** Records for this task follows **

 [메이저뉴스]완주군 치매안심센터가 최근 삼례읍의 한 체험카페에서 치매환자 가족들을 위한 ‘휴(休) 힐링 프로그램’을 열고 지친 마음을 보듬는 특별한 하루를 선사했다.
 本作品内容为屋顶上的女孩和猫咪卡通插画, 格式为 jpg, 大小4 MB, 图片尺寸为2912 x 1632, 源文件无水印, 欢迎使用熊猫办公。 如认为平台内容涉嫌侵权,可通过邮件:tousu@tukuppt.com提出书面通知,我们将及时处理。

** End of Records for this task **
** Records for this task follows **

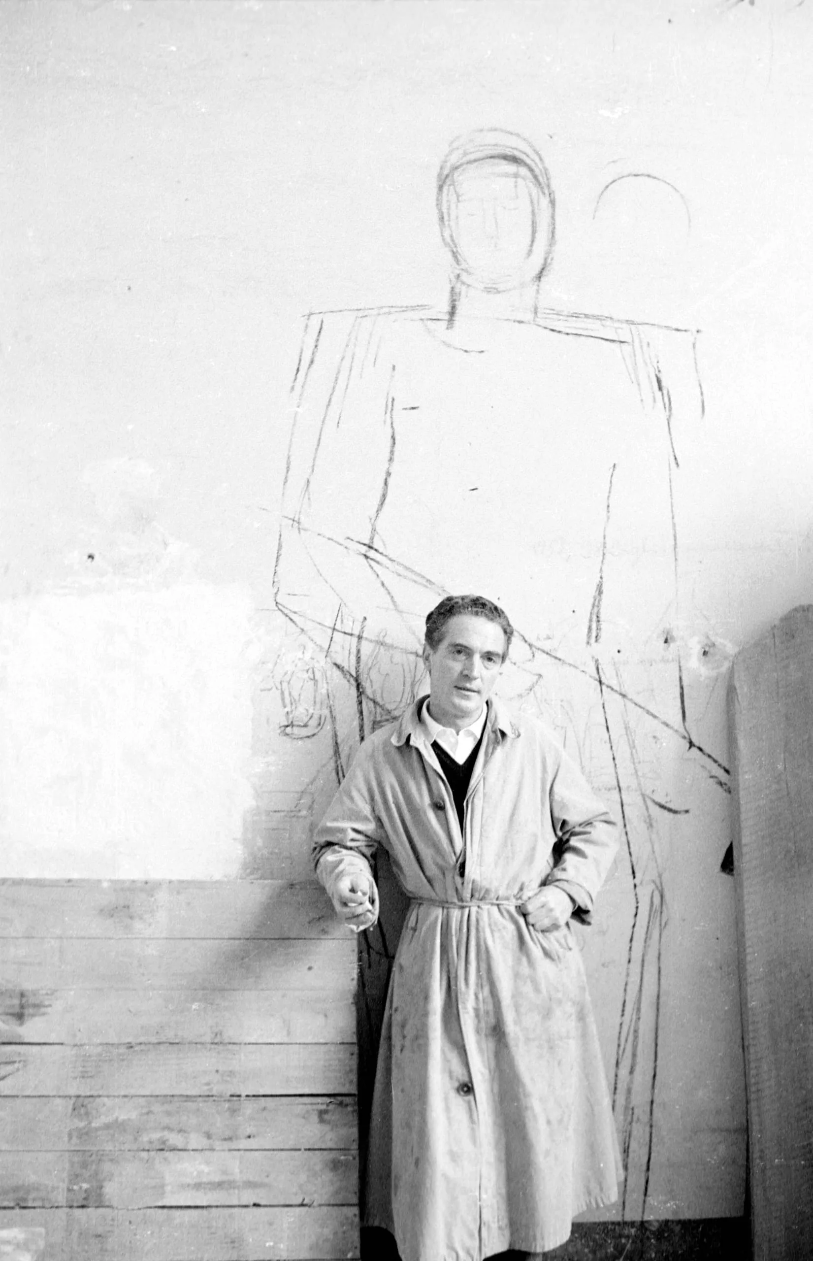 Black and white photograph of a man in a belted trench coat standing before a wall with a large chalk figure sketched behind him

** End of Records for this task **
** Records for this task follows **

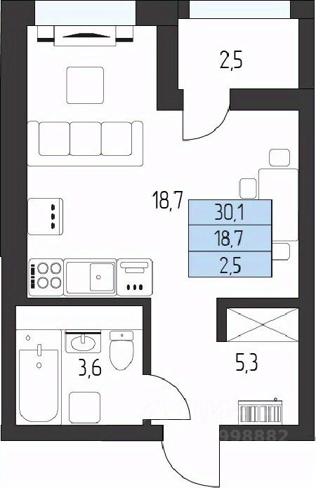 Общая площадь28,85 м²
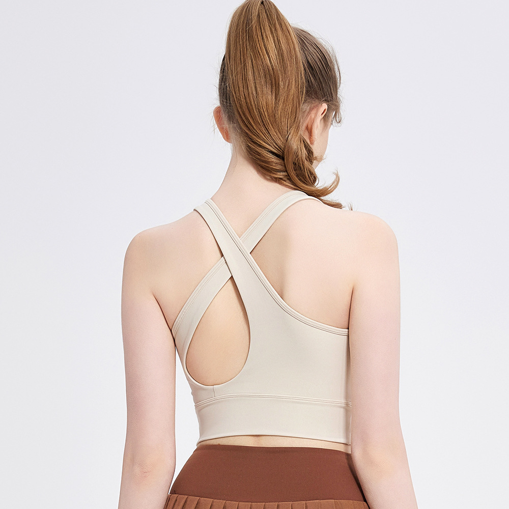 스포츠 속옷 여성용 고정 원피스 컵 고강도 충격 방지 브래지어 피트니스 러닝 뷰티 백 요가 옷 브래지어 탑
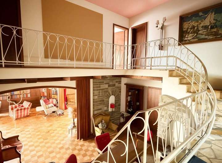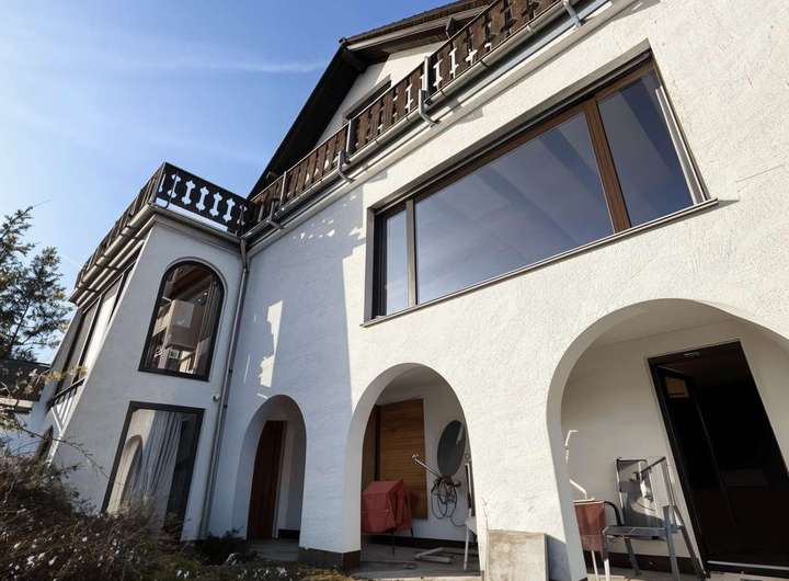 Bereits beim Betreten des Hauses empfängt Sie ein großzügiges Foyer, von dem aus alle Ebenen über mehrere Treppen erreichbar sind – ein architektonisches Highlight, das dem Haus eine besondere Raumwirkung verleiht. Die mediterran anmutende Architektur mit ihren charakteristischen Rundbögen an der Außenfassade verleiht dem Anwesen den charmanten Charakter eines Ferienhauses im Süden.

** End of Records for this task **

_What this task involves:_
Please output exactly the lines between the one holding "[메이저뉴스]완주군 치매안심센터가 최근" and the one holding "本作品内容为屋顶上的女孩和猫咪卡通插画, 格式为 jpg, 大小4" in the records above, inclusive, and nothing more.

_Exercise response:_
 [메이저뉴스]완주군 치매안심센터가 최근 삼례읍의 한 체험카페에서 치매환자 가족들을 위한 ‘휴(休) 힐링 프로그램’을 열고 지친 마음을 보듬는 특별한 하루를 선사했다.
 本作品内容为屋顶上的女孩和猫咪卡通插画, 格式为 jpg, 大小4 MB, 图片尺寸为2912 x 1632, 源文件无水印, 欢迎使用熊猫办公。 如认为平台内容涉嫌侵权,可通过邮件:tousu@tukuppt.com提出书面通知,我们将及时处理。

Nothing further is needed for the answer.